The message Charron wants to offer the faithful this Lenten season is to always practice dying to be born again, to understand the hard times so you can rejoice in the rebirth.

“You can’t celebrate the Resurrection unless you’ve been bound to the cross,” he said. “You don’t know the joy of water until you’ve thirsted. This is a call to prepare yourself for the Resurrection by going into the valley of death.”

The Most Rev. Mark Brennan, Bishop of the Wheeling-Charleston Diocese, said prayer, fasting and alms giving are pillars of the Roman Catholic Lenten season as well.

“Make time for God,” he said. “Just sit in quiet. Your prime time is God time. Sit down, be quiet with the Scriptures, be quiet with God and pray.”

Brennan said the relationship between the Eastern Catholic and Roman Catholic churches allow for both to thrive. Priests within the Wheeling-Charleston Diocese are able to celebrate Mass in Eastern Catholic Churches.
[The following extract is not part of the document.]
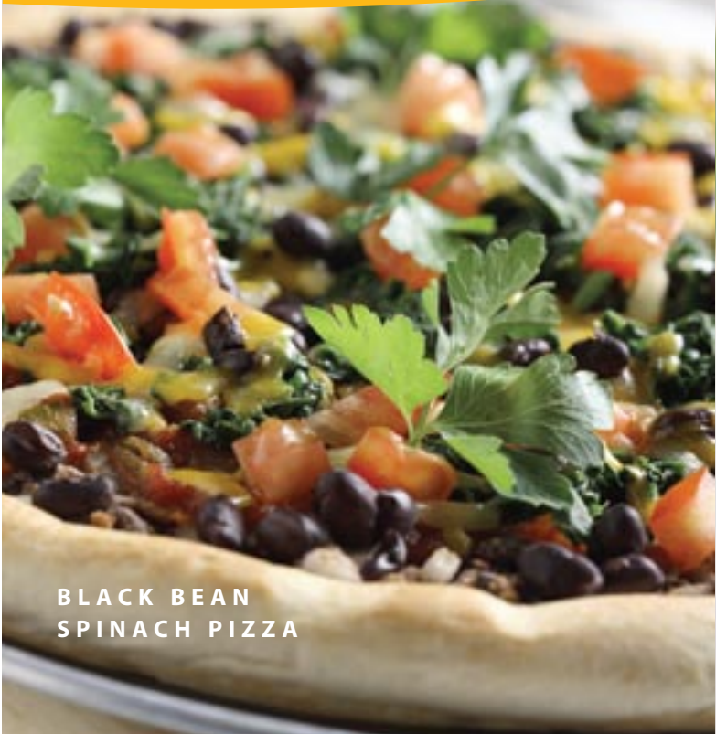
BLACK BEAN SPINACH PIZZA

“Catholic unity has always allowed for profound diversity,” Brennan said. “There’s no division between the rites or conflict on who is ‘more Catholic.’ Our difference is in how faith is expressed – both of which are rich in tradition and our love of God and our belief that his only son Jesus Christ came among us to defeat the two enemies we cannot, sin and death.”

Charron also celebrates that diversity. Bread, he said, has the same basic ingredients – water, flour, yeast, salt. Yet bread in Ukraine tastes different from bread in Germany, which tastes different from bread in Italy, which is different from bread in Lebanon.

“It’s the same with faith,” he said. “The faith is one in the same, delivered once for all. But when it goes into a culture, God takes whatever is good, true and beautiful in those cultures and it just takes on its own taste and its own pizzazz.

“And that’s the beauty of the Church,” he continued. “It elevates and ennobles everything that’s good and true in a people.”